The echo builtin is used to output a string to stdout.
For example:

Shell Possible Python translation
#!/bin/dash

echo hello world
echo 42 is the meaning of life, the universe, and everything
echo To be or not to be: that is the question
#!/usr/bin/python3 -u

print("hello world")
print("42 is the meaning of life, the universe, and everything")
print("To be or not to be: that is the question")

=

The = operator is used to assign a value to a variable.
For example:

Shell Possible Python translation
#!/bin/dash

x=1
y=2
foo=hello
bar=world
course_code=COMP2041
AssignmentName=Sharpie
#!/usr/bin/python3 -u

x = "1"
y = "2"
foo = "hello"
bar = "world"
course_code = "COMP2041"
AssignmentName = "Sharpie"

$

The $ operator is used to access the value of a variable.
For example:

Shell Possible Python translation
#!/bin/dash

theAnswer=42
echo The meaning of life, the universe, and everything is $theAnswer

name=COMP2041
echo I hope you are enjoying $name this semester

H=Hello
W=World
echo $H, $W

P1=race
P2=car
palindrome=$P1$P2
echo $palindrome
#!/usr/bin/python3 -u

theAnswer = "42"
print(f"The meaning of life, the universe, and everything is {theAnswer}")

name = "COMP2041"
print(f"I hope you are enjoying {name} this semester")

H = "Hello"
W = "World"
print(f"{H}, {W}")

P1 = "race"
P2 = "car"
palindrome = f"{P1}{P2}"
print(f"{palindrome}")

#

A # character is used to start a comment.
For example:

Shell Possible Python translation
#!/bin/dash

# This is a comment

echo hello world # This is also a comment
#!/usr/bin/python3 -u

# This is a comment

print("hello world") # This is also a comment

Subset 1

globbing

The *, ?, [, and ] characters are used in globbing.
For example:

Shell Possible Python translation
#!/bin/dash



echo *

C_files=*.[ch]
echo $C_files

echo all of the single letter Python files are: ?.py
#!/usr/bin/python3 -u

import glob

print(" ".join(sorted(glob.glob("*"))))

C_files = "*.[ch]"
print(" ".join(sorted(glob.glob(C_files))))

print("all of the single letter Python files are: " + " ".join(sorted(glob.glob("?.py"))))

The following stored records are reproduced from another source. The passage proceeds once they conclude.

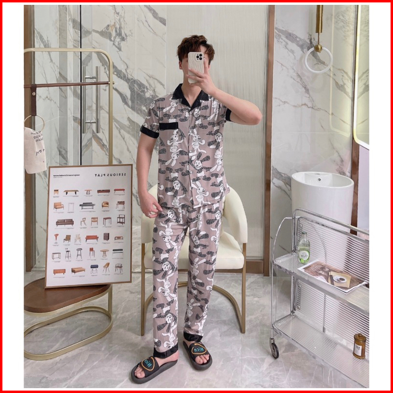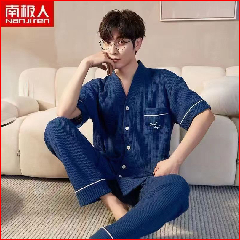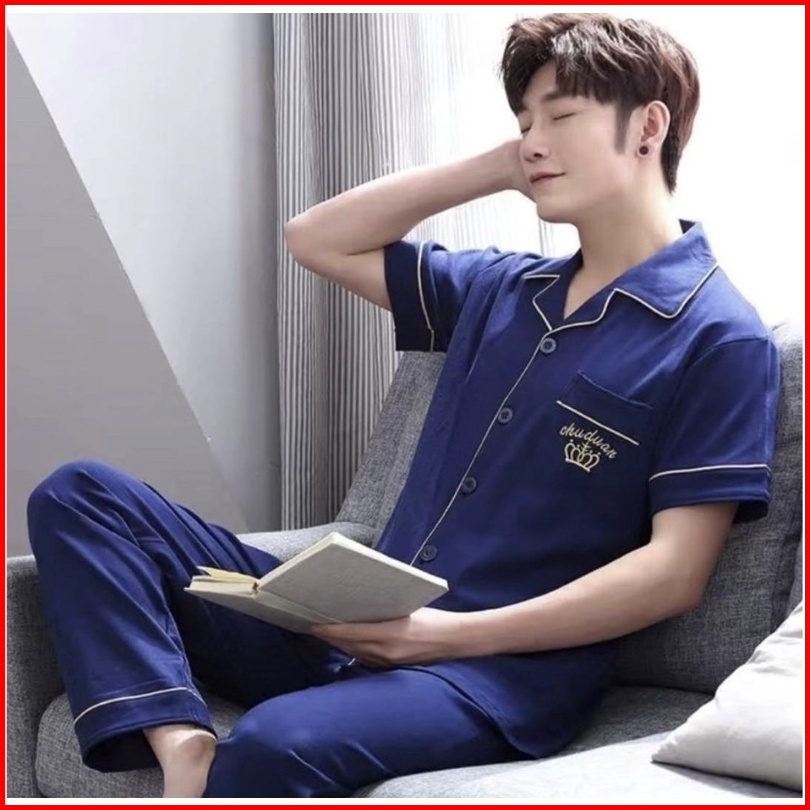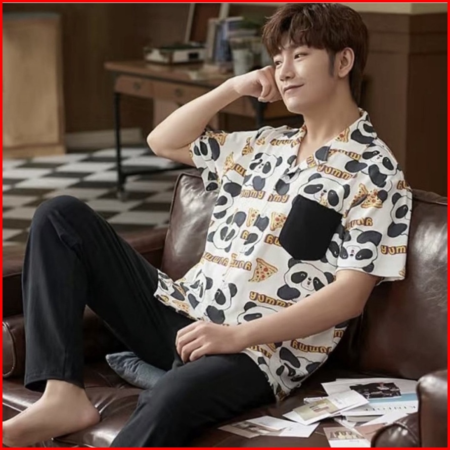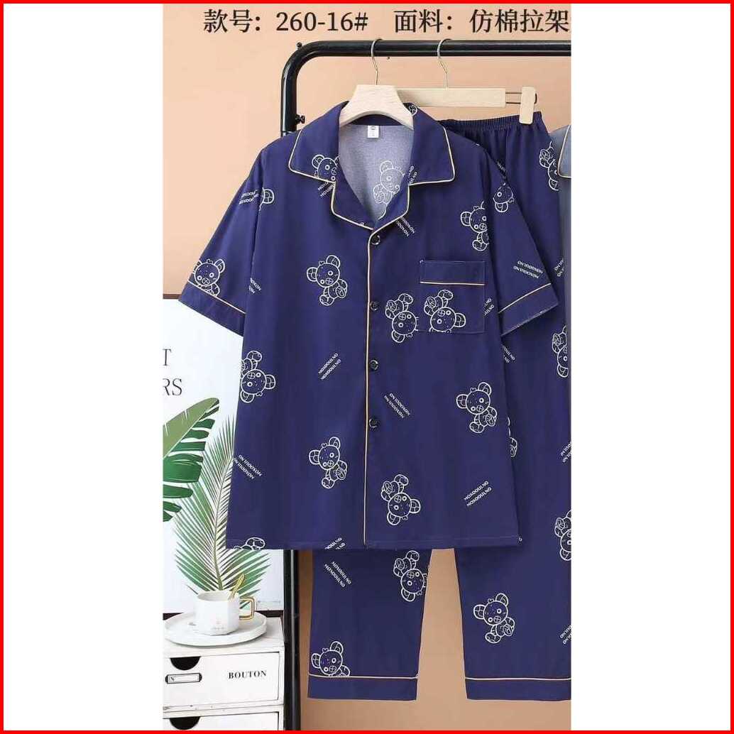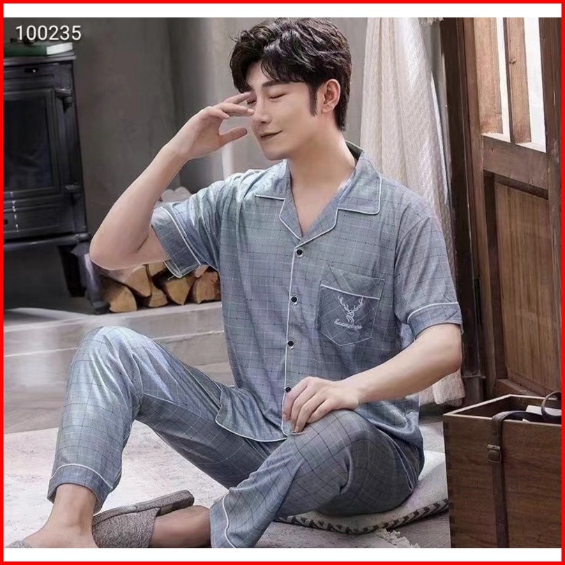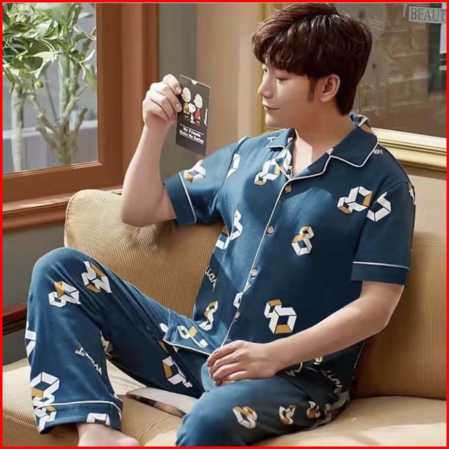 Pajamas Pria Dewasa Motif Kancing Cpk Kaos Katun Import Set Celana Panjang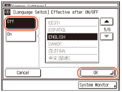 ![]() Jazyk môžete meniť len vtedy, keď je stlačené [Zap.].
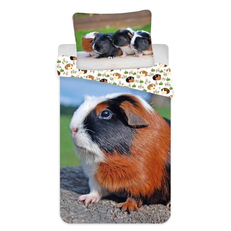 Dětské bavlněné povlečení se vzorem morčete. Povlečení je oboustranné, z druhé strany jsou kreslené morčátka na bílém podkladu. Souprava je vyrobena ze 100% bavlny renforcé a obsahuje jeden povlak na přikrývku 140 x 200 cm a jeden povlak na polštář 70 x 90 cm. Zapínání na zip....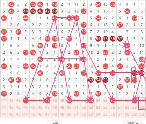 三区分析:【41-60】(走势图标注号码非小黄车大底,请谨慎参考,具体思路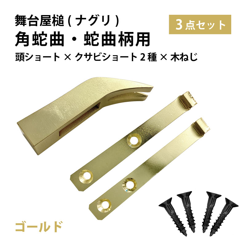 「角蛇曲」および「蛇曲」の柄に対応したマルキン印 舞台屋鎚(ナグリ)頭 ショート(95mm)と3.2mm極厚クサビ(ショート狭/広)×2本、鉄製木ねじ×4本がセットになった商品です。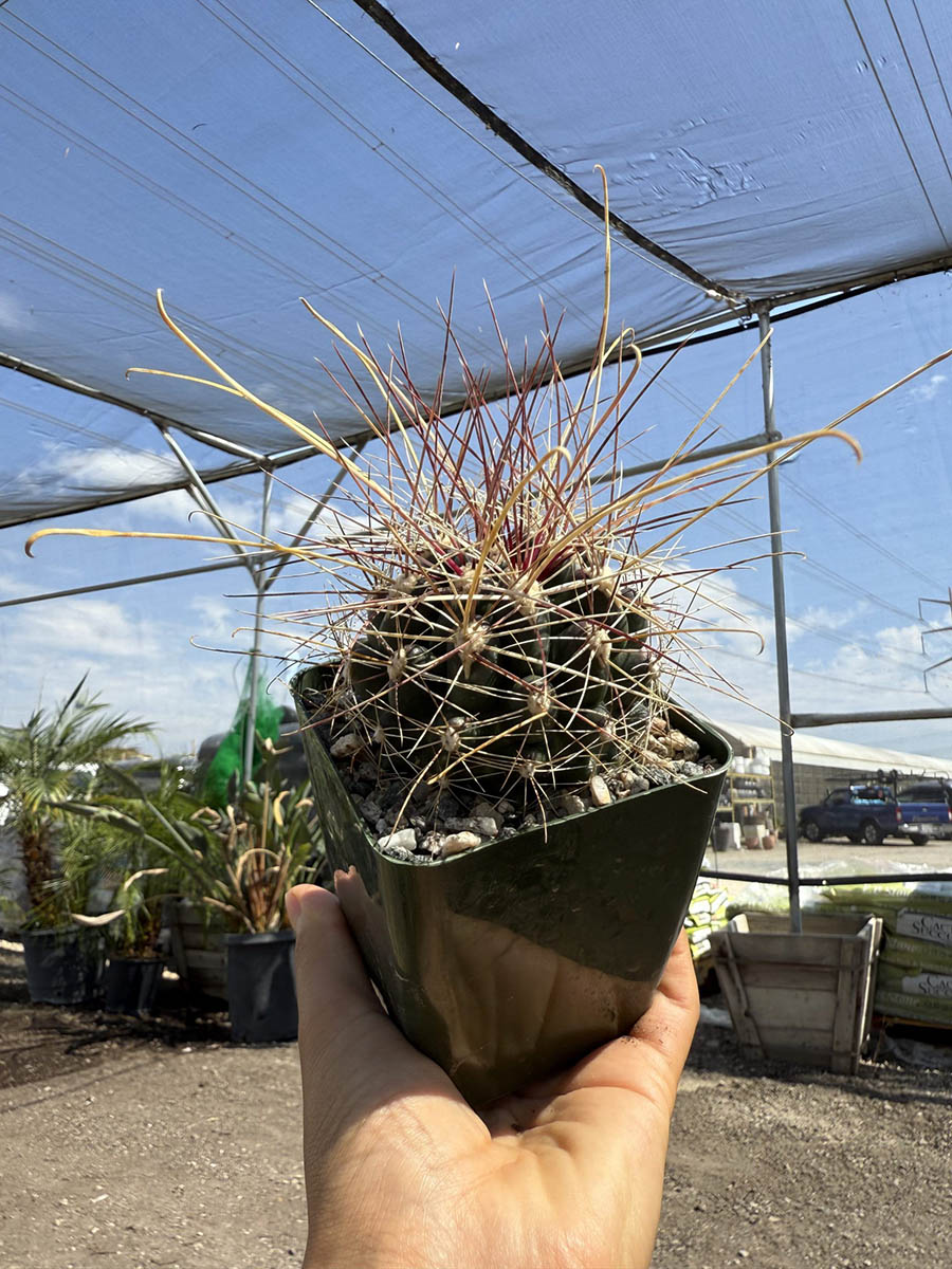 The Hamatocactus h. Davisii SQ features striking cylindrical stems adorned with bright red spines, creating a captivating visual contrast. Its compact size makes it perfect for interiorscapes or retail displays with limited space. Thriving in bright light and requiring minimal water, this cactus is a low-maintenance gem ideal for beginners.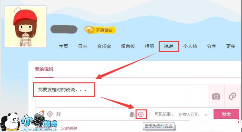 2、进入QQ空间后,切换到说说一栏,然后在说说发布内容框里输入内容,下面有个“定时说说”选项,点击它,如图。
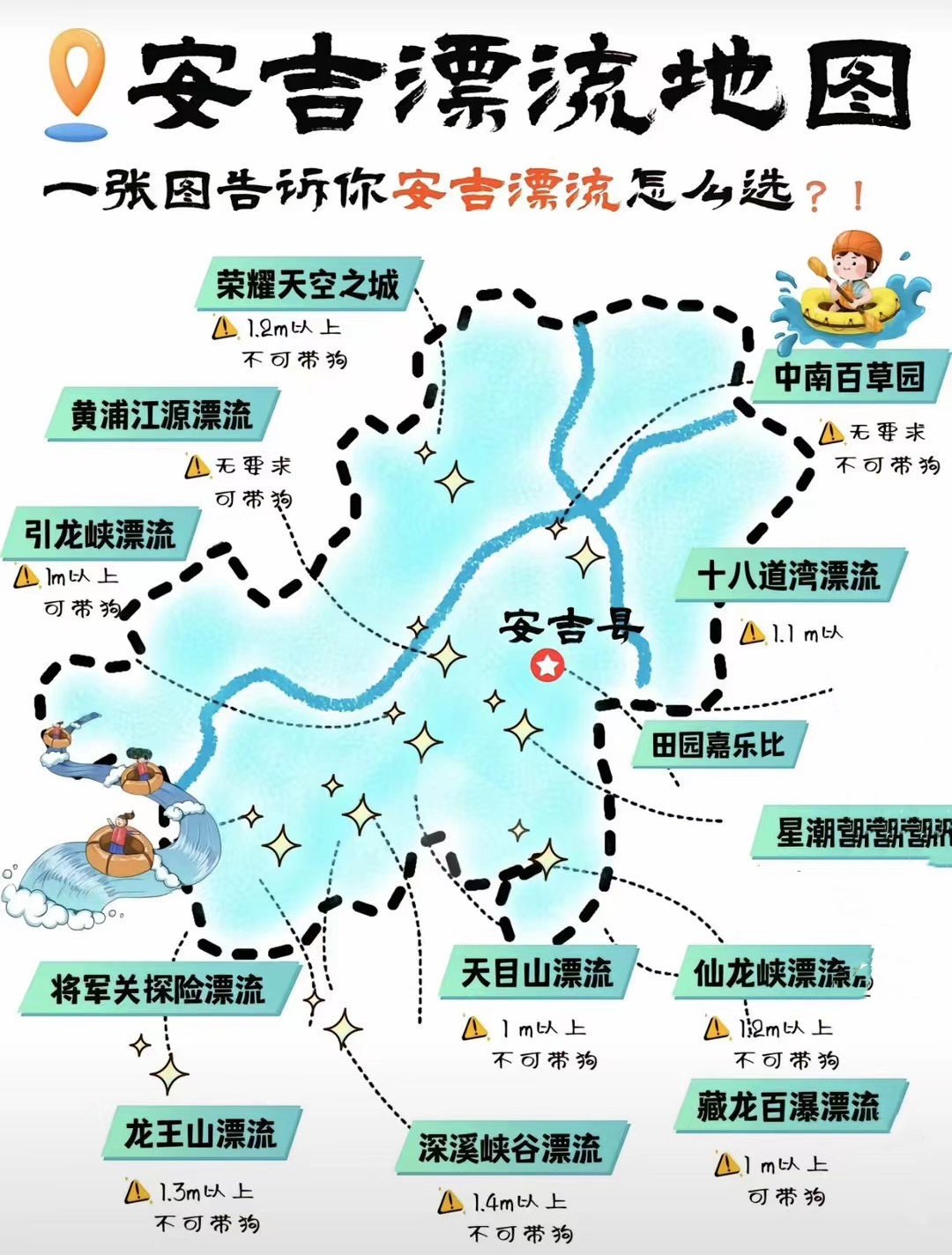天目山漂流全长3公里,漂流完全程需1小时20分钟。天目山漂流回环曲折,或急或缓,抚清清绿水,揽山川佳境,物我共忘,心机陶然。伐中可随波逐流,喁喁长谈,叙青春委婉真情,也可拍浪嘻戏,寻少年之笑语欢歌。

Extra whitespace has been added to the Python code so that the position of each line matches the Shell code

You do not need to add extra whitespace to your Python code.

for

The for, in, do, and done keywords are used to start and end for loops.
For example:

Shell Possible Python translation
#!/bin/dash

for i in 1 2 3
do
    echo $i
done

for word in this is a string
do
    echo $word
done

for file in *.c
do
    echo $file
done
#!/usr/bin/python3 -u

for i in ["1", "2", "3"]:

    print(i)


for word in ["this", "is", "a", "string"]:

    print(word)


for file in sorted(glob.glob("*.c")):

    print(file)

Extra whitespace has been added to the Python code so that the position of each line matches the Shell code

You do not need to add extra whitespace to your Python code.

exit

The exit builtin is used to exit the shell.
For example:

Shell Possible Python translation
#!/bin/dash



echo hello world
exit
echo this will not be printed
exit 0
echo this will double not be printed
exit 3
#!/usr/bin/python3 -u

import sys

print("hello world")
sys.exit()
print("this will not be printed")
sys.exit(0)
print("this will double not be printed")
sys.exit(3)

cd

The cd builtin is used to change the current working directory.
For example:

Shell Possible Python translation
#!/bin/dash



echo *
cd /tmp
echo *
cd ..
echo *
#!/usr/bin/python3 -u

import glob, os

print(" ".join(sorted(glob.glob("*"))))
os.chdir("/tmp")
print(" ".join(sorted(glob.glob("*"))))
os.chdir("..")
print(" ".join(sorted(glob.glob("*"))))

read

The read builtin is used to read a line from stdin.
For example:

Shell Possible Python translation
#!/bin/dash

echo What is your name:
read name

echo What is your quest:
read quest

echo What is your favourite colour:
read colour

echo What is the airspeed velocity of an unladen swallow:
read velocity

echo Hello $name, my favourite colour is $colour too.
#!/usr/bin/python3 -u

print("What is your name:")
name = input()

print("What is your quest:")
quest = input()

print("What is your favourite colour:")
colour = input()

print("What is the airspeed velocity of an unladen swallow:")
velocity = input()

print (f"Hello {name}, my favourite colour is {colour} too.")

External Commands

Any line that is not a known builtin, keyword, or other shell syntax should be treated as an external command.
For example:

Shell Possible Python translation
#!/bin/dash



touch test_file.txt
ls -l test_file.txt

for course in COMP1511 COMP1521 COMP2511 COMP2521 # keyword
do                                                # keyword
    echo $course                                  # builtin
    mkdir $course                                 # external command
    chmod 700 $course                             # external command
done                                              # keyword
#!/usr/bin/python3 -u

import subprocess

subprocess.run(["touch", "test_file.txt"])
subprocess.run(["ls", "-l", "test_file.txt"])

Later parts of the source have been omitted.